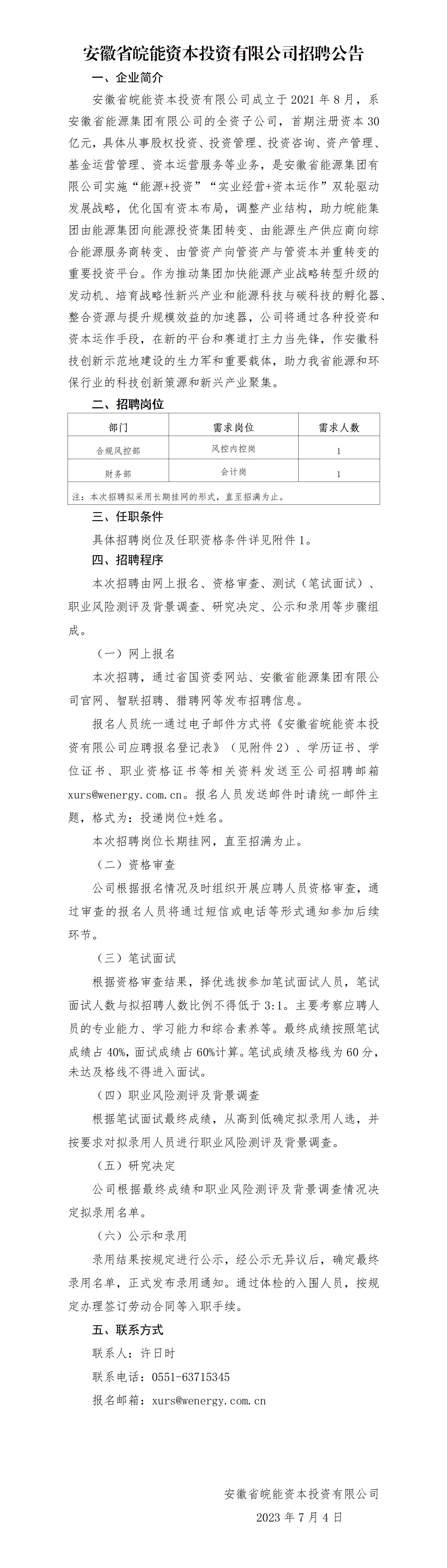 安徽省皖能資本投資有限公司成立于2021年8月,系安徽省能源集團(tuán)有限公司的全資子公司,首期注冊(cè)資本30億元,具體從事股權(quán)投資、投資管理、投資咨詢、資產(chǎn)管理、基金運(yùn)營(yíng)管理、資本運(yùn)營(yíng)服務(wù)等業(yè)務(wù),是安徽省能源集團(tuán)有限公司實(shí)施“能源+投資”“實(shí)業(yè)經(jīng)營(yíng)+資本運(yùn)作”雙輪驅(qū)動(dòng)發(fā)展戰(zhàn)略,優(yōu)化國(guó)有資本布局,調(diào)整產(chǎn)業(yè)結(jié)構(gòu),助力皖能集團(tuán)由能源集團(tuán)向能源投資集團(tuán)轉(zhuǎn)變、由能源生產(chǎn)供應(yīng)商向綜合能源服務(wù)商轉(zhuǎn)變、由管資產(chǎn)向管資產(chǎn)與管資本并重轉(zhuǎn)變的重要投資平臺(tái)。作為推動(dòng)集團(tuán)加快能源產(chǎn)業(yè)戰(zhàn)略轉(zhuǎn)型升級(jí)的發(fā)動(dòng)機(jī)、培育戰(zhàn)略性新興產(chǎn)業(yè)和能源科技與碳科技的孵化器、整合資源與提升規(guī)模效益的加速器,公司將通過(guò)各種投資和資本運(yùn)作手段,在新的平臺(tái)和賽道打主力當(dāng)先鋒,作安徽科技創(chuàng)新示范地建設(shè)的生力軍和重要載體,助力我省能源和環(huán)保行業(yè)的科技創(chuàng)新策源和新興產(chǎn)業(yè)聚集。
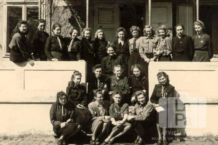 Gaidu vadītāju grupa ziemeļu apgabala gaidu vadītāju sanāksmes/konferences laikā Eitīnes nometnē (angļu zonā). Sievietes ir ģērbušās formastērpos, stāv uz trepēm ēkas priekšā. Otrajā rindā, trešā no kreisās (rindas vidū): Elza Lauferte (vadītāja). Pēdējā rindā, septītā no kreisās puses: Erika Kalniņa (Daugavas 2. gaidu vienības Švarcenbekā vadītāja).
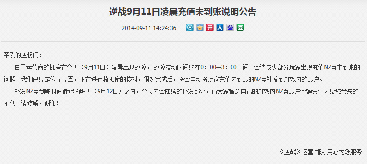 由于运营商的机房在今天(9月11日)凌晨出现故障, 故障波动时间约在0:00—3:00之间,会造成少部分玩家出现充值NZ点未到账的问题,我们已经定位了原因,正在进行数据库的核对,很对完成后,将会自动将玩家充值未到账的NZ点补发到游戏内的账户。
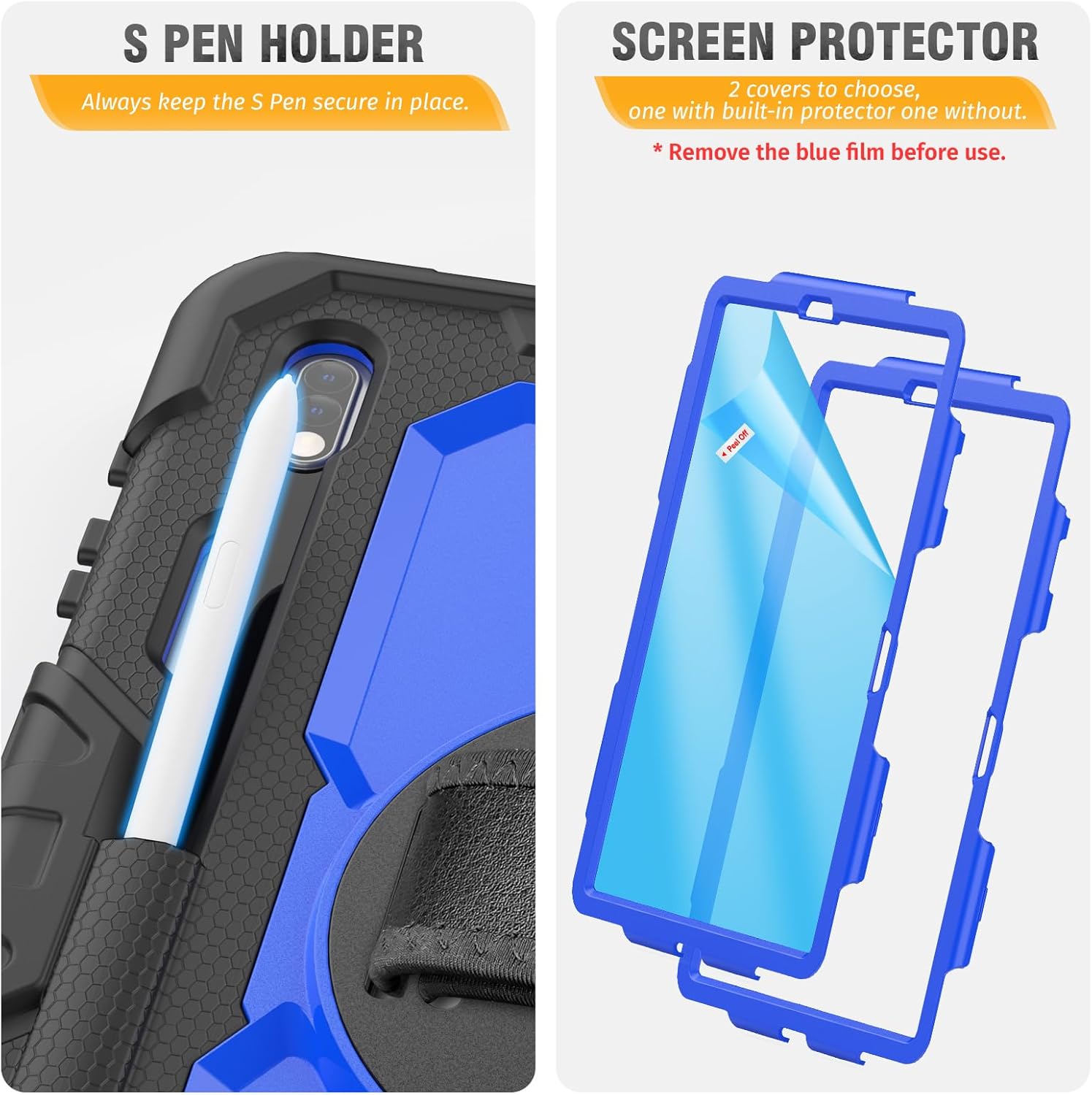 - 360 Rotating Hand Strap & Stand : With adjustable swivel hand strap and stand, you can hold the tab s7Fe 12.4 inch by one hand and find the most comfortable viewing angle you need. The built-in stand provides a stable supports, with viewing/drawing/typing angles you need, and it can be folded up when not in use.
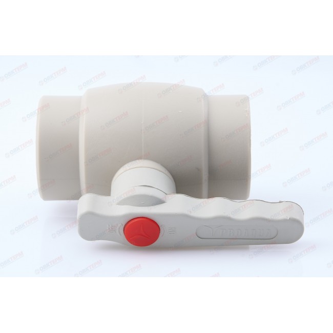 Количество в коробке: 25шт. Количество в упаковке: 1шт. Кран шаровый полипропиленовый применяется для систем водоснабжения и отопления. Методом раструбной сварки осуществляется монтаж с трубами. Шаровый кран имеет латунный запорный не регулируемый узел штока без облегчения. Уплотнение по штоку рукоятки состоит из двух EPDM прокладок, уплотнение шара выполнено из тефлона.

--

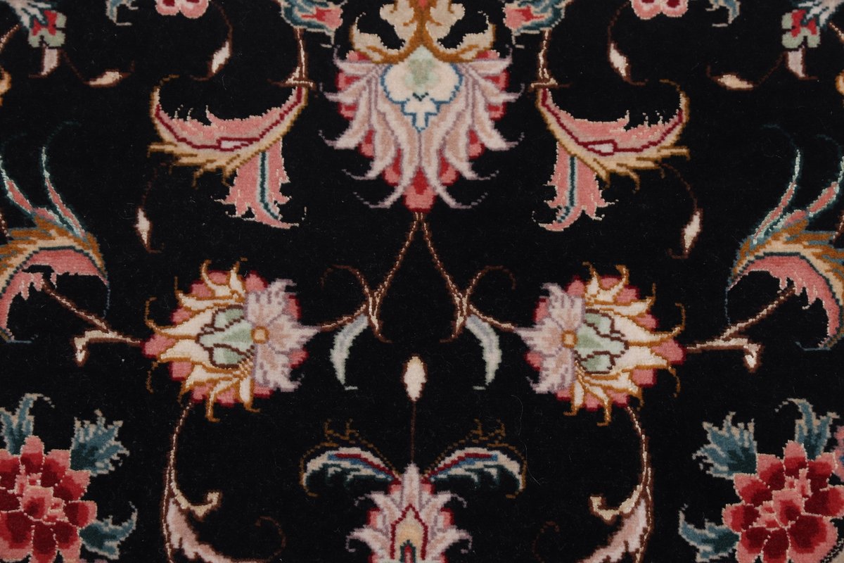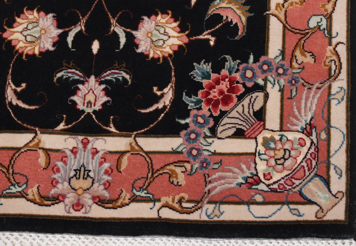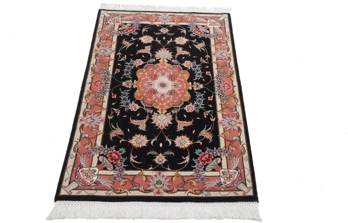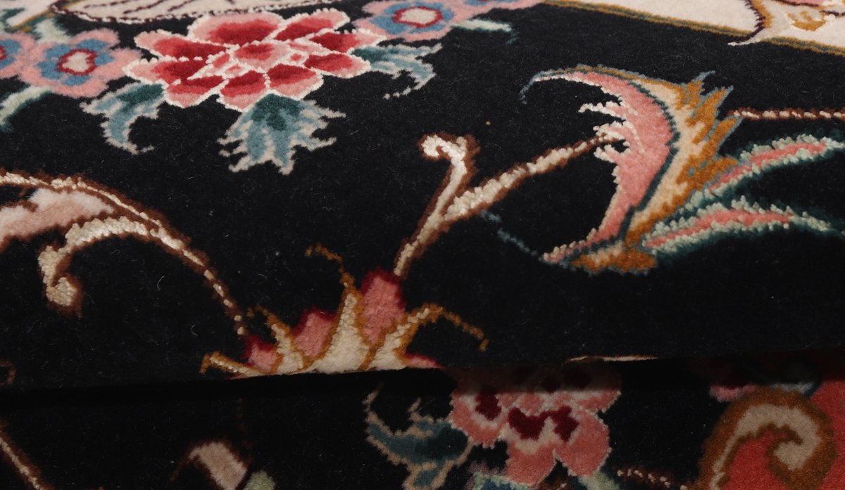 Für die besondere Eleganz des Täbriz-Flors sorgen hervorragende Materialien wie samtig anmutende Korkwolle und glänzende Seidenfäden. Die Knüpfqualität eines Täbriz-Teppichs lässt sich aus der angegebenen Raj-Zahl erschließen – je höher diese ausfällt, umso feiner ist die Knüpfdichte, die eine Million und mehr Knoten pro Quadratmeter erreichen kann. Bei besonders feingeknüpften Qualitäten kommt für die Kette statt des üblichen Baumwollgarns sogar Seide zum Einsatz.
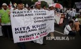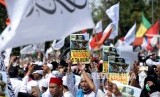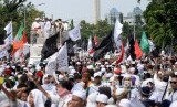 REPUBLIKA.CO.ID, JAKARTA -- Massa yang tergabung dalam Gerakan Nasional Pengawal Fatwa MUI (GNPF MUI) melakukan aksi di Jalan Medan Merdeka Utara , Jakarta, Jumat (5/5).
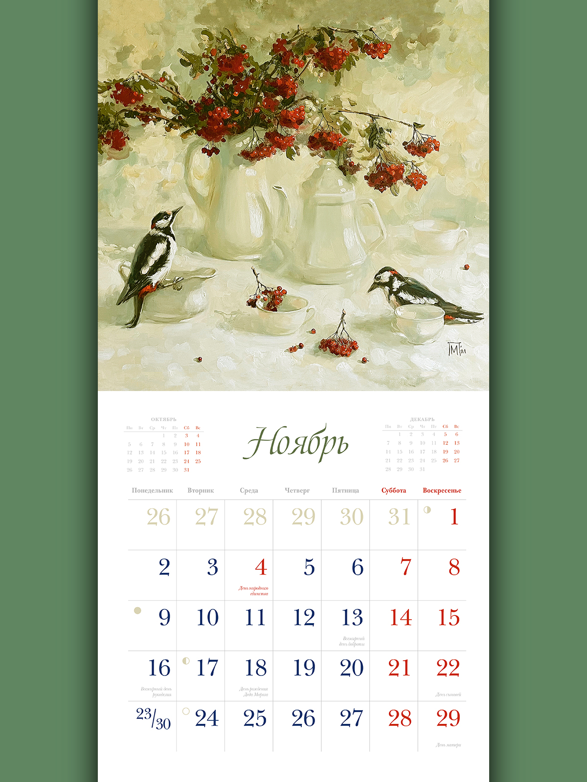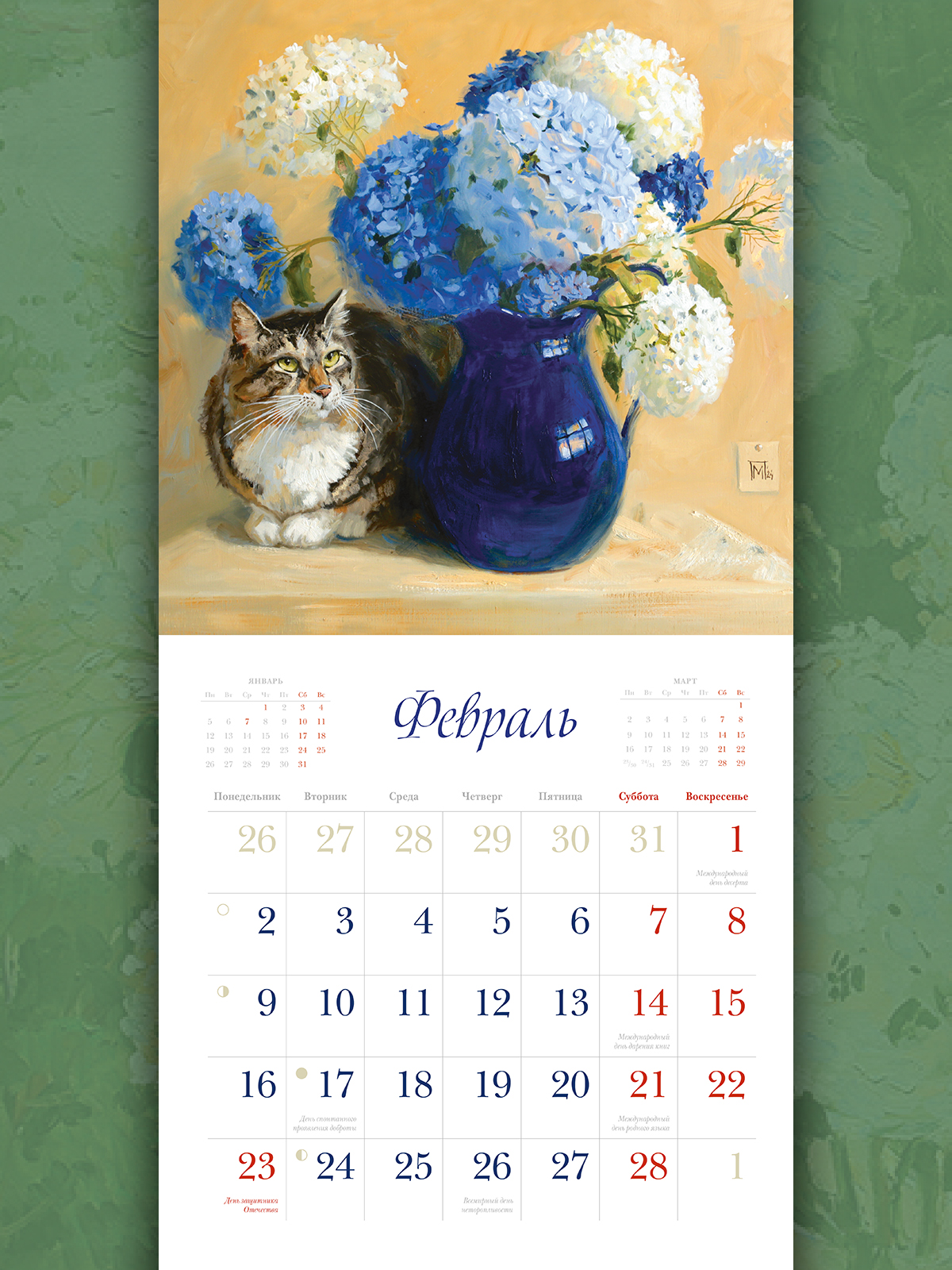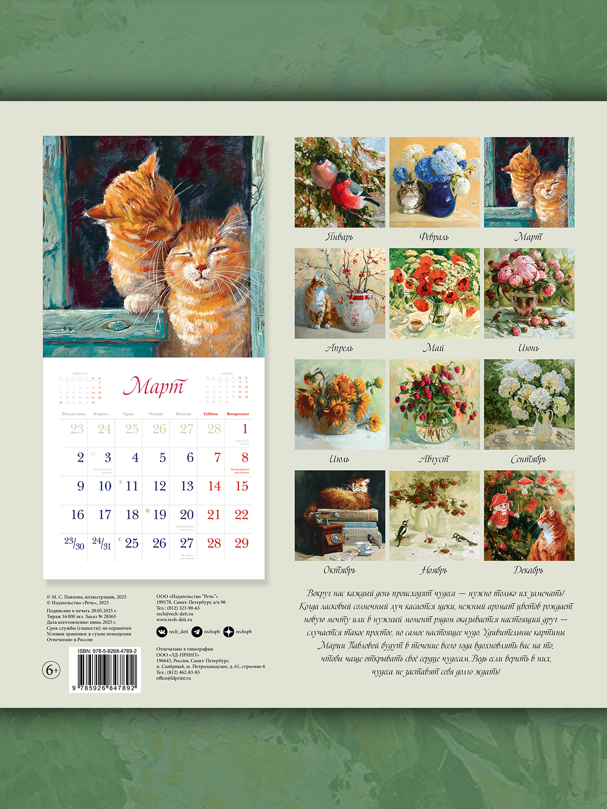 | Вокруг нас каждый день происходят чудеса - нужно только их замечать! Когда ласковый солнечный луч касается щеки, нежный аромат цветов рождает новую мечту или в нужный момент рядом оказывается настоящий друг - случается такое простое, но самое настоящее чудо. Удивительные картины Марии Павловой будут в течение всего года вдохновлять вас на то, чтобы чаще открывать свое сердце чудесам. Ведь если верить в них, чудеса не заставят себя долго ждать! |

...

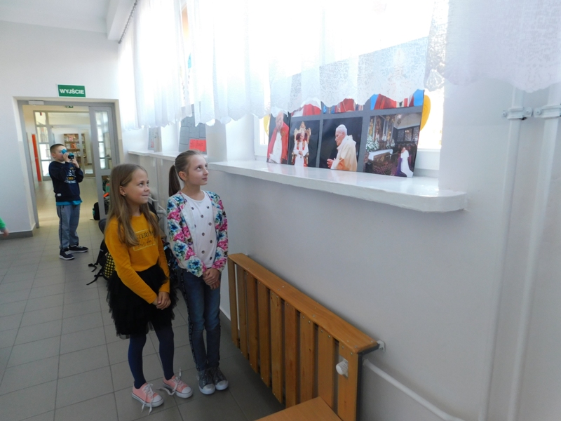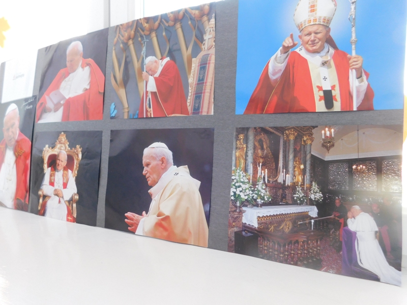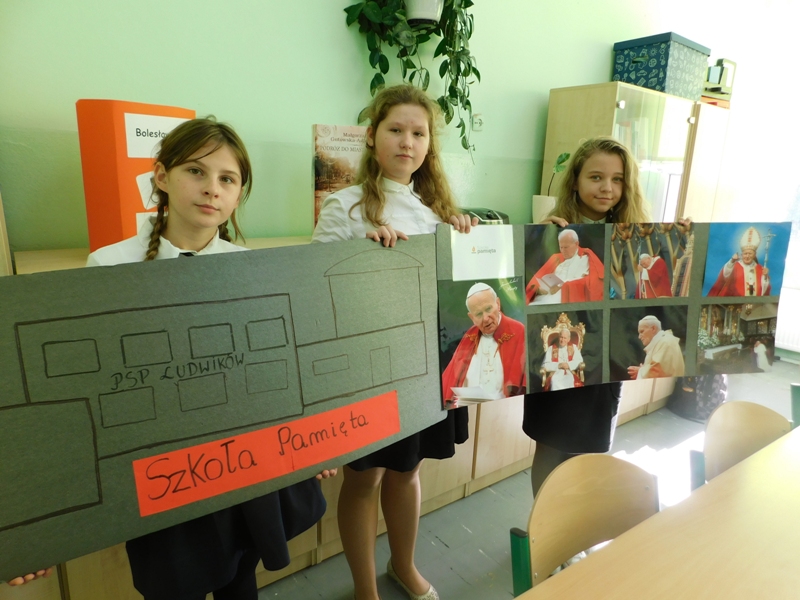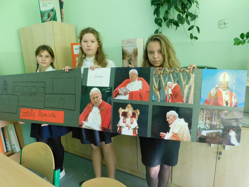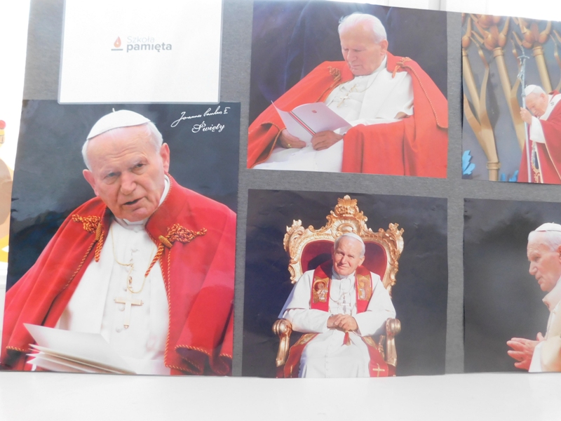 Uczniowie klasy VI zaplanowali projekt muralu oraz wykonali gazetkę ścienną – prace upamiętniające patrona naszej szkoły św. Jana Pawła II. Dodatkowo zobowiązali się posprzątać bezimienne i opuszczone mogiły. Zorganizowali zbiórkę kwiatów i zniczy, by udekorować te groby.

**WORK TASK**
Please repeat the lines of the material above exactly, starting with the line that contains "由于运营商的机房在今天(9月" and ending with the line that contains "Количество в коробке: 25шт.". Leave the pictures out.

**WRITTEN RESPONSE**
 由于运营商的机房在今天(9月11日)凌晨出现故障, 故障波动时间约在0:00—3:00之间,会造成少部分玩家出现充值NZ点未到账的问题,我们已经定位了原因,正在进行数据库的核对,很对完成后,将会自动将玩家充值未到账的NZ点补发到游戏内的账户。
 - 360 Rotating Hand Strap & Stand : With adjustable swivel hand strap and stand, you can hold the tab s7Fe 12.4 inch by one hand and find the most comfortable viewing angle you need. The built-in stand provides a stable supports, with viewing/drawing/typing angles you need, and it can be folded up when not in use.
 Количество в коробке: 25шт. Количество в упаковке: 1шт. Кран шаровый полипропиленовый применяется для систем водоснабжения и отопления. Методом раструбной сварки осуществляется монтаж с трубами. Шаровый кран имеет латунный запорный не регулируемый узел штока без облегчения. Уплотнение по штоку рукоятки состоит из двух EPDM прокладок, уплотнение шара выполнено из тефлона.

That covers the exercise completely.